### What the exercise asks
The task for the listing below is to write out exactly the lines starting at the one containing "Robot CERĒS is" and ending at the one containing "大家好,小科來為大家解答以上", both included. Pictures are to be omitted.

** Records for processing follows **

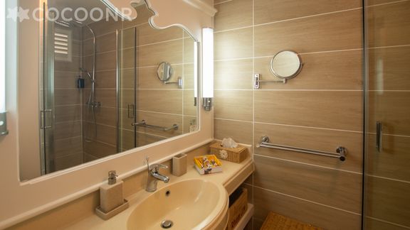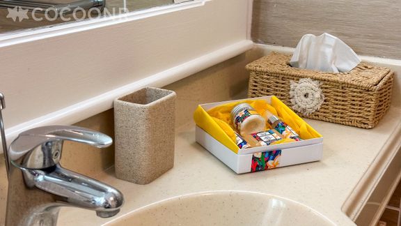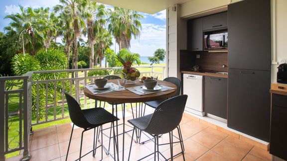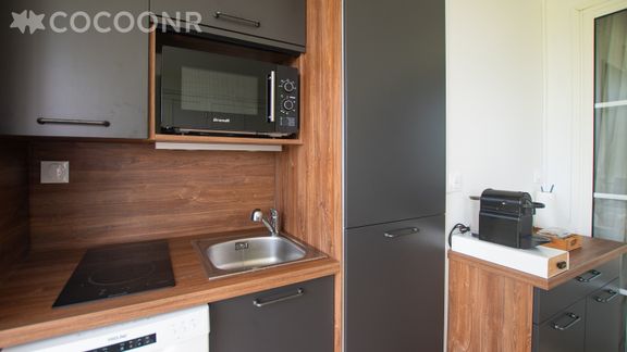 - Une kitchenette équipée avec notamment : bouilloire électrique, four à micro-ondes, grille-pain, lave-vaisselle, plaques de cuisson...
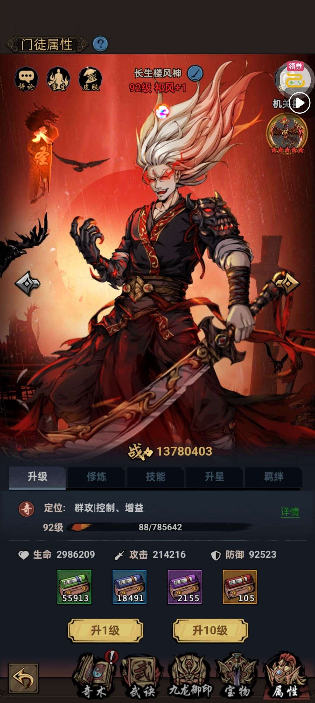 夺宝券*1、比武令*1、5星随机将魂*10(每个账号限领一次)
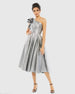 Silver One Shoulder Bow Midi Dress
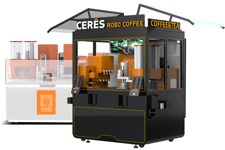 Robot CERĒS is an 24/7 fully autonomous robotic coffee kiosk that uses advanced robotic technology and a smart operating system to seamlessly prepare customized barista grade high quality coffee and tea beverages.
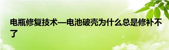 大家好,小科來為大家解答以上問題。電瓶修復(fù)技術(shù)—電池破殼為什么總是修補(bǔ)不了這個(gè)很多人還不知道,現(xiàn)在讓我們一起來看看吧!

** End of Records for processing **
** Records for processing follows **

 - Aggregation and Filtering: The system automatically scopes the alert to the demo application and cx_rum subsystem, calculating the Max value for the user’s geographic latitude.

** End of Records for processing **
** Records for processing follows **

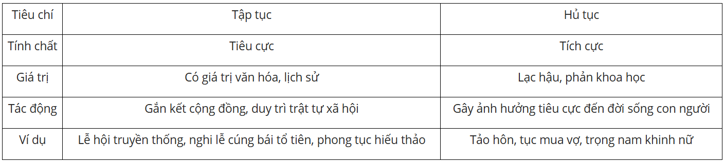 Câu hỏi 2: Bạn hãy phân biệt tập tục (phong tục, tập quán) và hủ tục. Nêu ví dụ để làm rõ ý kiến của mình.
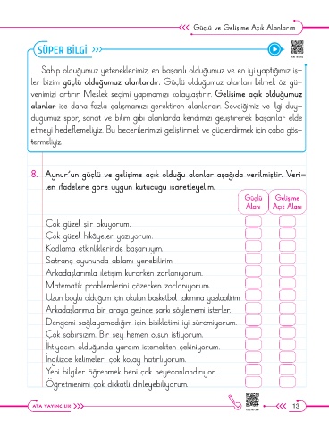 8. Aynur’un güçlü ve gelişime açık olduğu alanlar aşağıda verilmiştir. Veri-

** End of Records for processing **

### Written answer
 Robot CERĒS is an 24/7 fully autonomous robotic coffee kiosk that uses advanced robotic technology and a smart operating system to seamlessly prepare customized barista grade high quality coffee and tea beverages.
 大家好,小科來為大家解答以上問題。電瓶修復(fù)技術(shù)—電池破殼為什么總是修補(bǔ)不了這個(gè)很多人還不知道,現(xiàn)在讓我們一起來看看吧!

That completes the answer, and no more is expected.